The session is DEV402 - Multithreaded programming in .NET from the ground up.

This third post shows one the effect of the CPU re-ordering reads and writes to memory in a C# program, and explains how to fix it using Thread.MemoryBarrier

This sample program basically fires 2 functions at the threadpool over and over. In theory we can't tell which will run first, it's effectively random - This program just tries to provide an empirical measurement.

class Program
{
    static volatile int a = 0;
    static volatile int b = 0;
    static volatile bool a_ranFirst, b_ranFirst;

    static object gate = new object();

    static void ThreadA()
    {
        a = 1;
        //Thread.MemoryBarrier();
        if (b == 1)
            b_ranFirst = true;
    }

    static void ThreadB()
    {
        b = 1;
        //Thread.MemoryBarrier();
        if (a == 1)
            a_ranFirst = true;
    }

    static void Main(string[] args)
    {
        int aFirst = 0, bFirst = 0;
        int together = 0;
        int WTF = 0;

        var sw = new Stopwatch(); sw.Start();

        const int Iterations = 500000;

        for (int i = 0; i < Iterations; i++)
        {
            a = b = 0;
            a_ranFirst = b_ranFirst = false;
            Parallel.Invoke(ThreadA, ThreadB);

            if (a_ranFirst && !b_ranFirst)
                aFirst++;
            else if (!a_ranFirst && b_ranFirst)
                bFirst++;
            else if (a_ranFirst && b_ranFirst)
                together++;
            else
                WTF++; //
        }
        Console.WriteLine("Done in {0}ms", sw.ElapsedMilliseconds);

        Console.WriteLine("Thread A ran first: {0} times ({1} percent)", aFirst, ((double)aFirst / (double)Iterations) * 100);
        Console.WriteLine("Thread B ran first: {0} times ({1} percent)", bFirst, ((double)bFirst / (double)Iterations) * 100);
        Console.WriteLine("Ran together: {0} times ({1} percent)", together, ((double)together / (double)Iterations) * 100);
        Console.WriteLine("WTF: {0} times ({1} percent)", WTF, ((double)WTF / (double)Iterations) * 100);
    }
}

If I run this as-is, I get something like this:
Done in 1571ms
Thread A ran first: 379388 times (75.8776 percent)
Thread B ran first: 31140 times (6.228 percent)
Ran together: 59 times (0.0118 percent)
WTF: 89413 times (17.8826 percent)
76% of the time, A runs first (this makes sense given that it's the first argument to Parallel.Invoke) - 6% of the time B runs first, and a very small percentage of the time they run together in lockstep. However, 18% of the time, something else is happening. What's going on? To break this down, the important operations that happen on each thread are:
  • Store the value 1 to the memory location A (or B for thread B)
  • Load the value from the other memory Location
  • Figure out whether this thread was first on second based on what we read
  • Set a flag to indicate whether this thread was first or second
The first 2 steps are the key to explaining the bug. Here's what we might expect to be happening
  • When "A runs first", thread A performs both the store to A and load from B before thread B gets started.
  • When "B runs first", thread B performs both the store to B and load from A before thread A gets started.
  • When they run together, thread A stores, thread B stores, then they both load

So, what about the Fourth, "WTF" scenario? We've already marked the a and b variables as volatile, so this should tell the compiler to leave them alone. Something else is happening, but what?

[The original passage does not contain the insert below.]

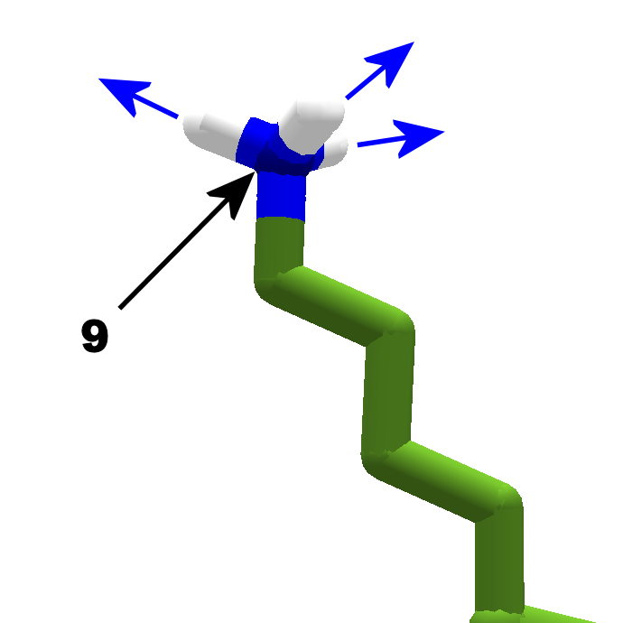 Lysine's sidechain contains a nitrogen atom which can act as hydrogen bond donor. The end of the sidechain is a amino group, the same structure found in the backbone of amino acids. The carboxyl group means Lysine's sidechain is formally considered basic. See the Sidechain Bonding Gallery and the Sidechain Bonding Table for other sidechain donors and acceptors.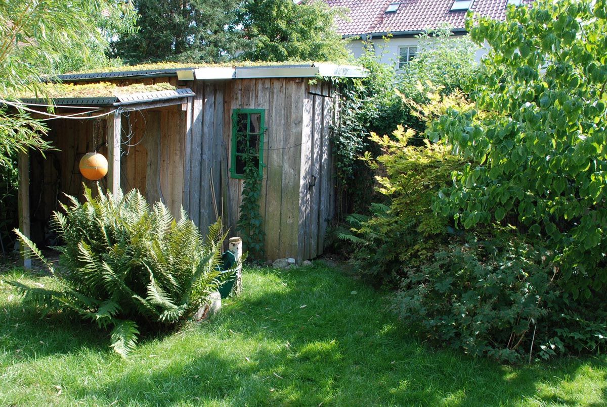 Wenn die Statik es erlaubt, sollte jedes Gartenhaus mit einem grünen Dach ausgestattet sein. So bietet man nicht nur einen optischen Hingucker, sondern zahlreichen Insekten und Kleintieren eine grüne Oase, die sie nutzen können. Außerdem sind alle Gartengeräte, wie Harken, Spaten Rasenmäher gut verstaut und immer an Ort und Stelle.

Let's have a look at the assembly that's getting generated:
a = 1;
00000000  mov         dword ptr ds:[0111328Ch],1 
if (b == 1)
0000000a  cmp         dword ptr ds:[01113290h],1 
00000011  jne         0000001A 
b_ranFirst = true;
00000013  mov         byte ptr ds:[01113295h],1 
0000001a  ret 

A quick run through:
  • The first mov operation is writing 1 to memory location 0111328C (where the compiler has stored a)
  • The next cmp/jne instructions read 01113290 (where the compiler has stored b), and jump to the end of the function if it's not set to 1.
  • If it doesn't get jumped over, the final mov operation is writing 1 to location 01113295 (where b_ranFirst lives)

This all adds up - the instructions we'd logically expect to happen are indeed happening, and it's all in the order we'd expect. Clearly neither the C# or JIT compiler is at fault here... so what is?

Well, as it turns out there are actually 3 more scenarios that are occurring.

  • Thread A performs load from B; thread B then does it's normal store/load; finally, thread A performs store to A
  • Thread B performs load from A; thread A then does it's normal store/load; finally thread B performs store to B
  • thread A loads, thread B loads, then they both store

In spite of the fact that our code very explicitly always stores before it loads, the operations are being performed in the wrong order.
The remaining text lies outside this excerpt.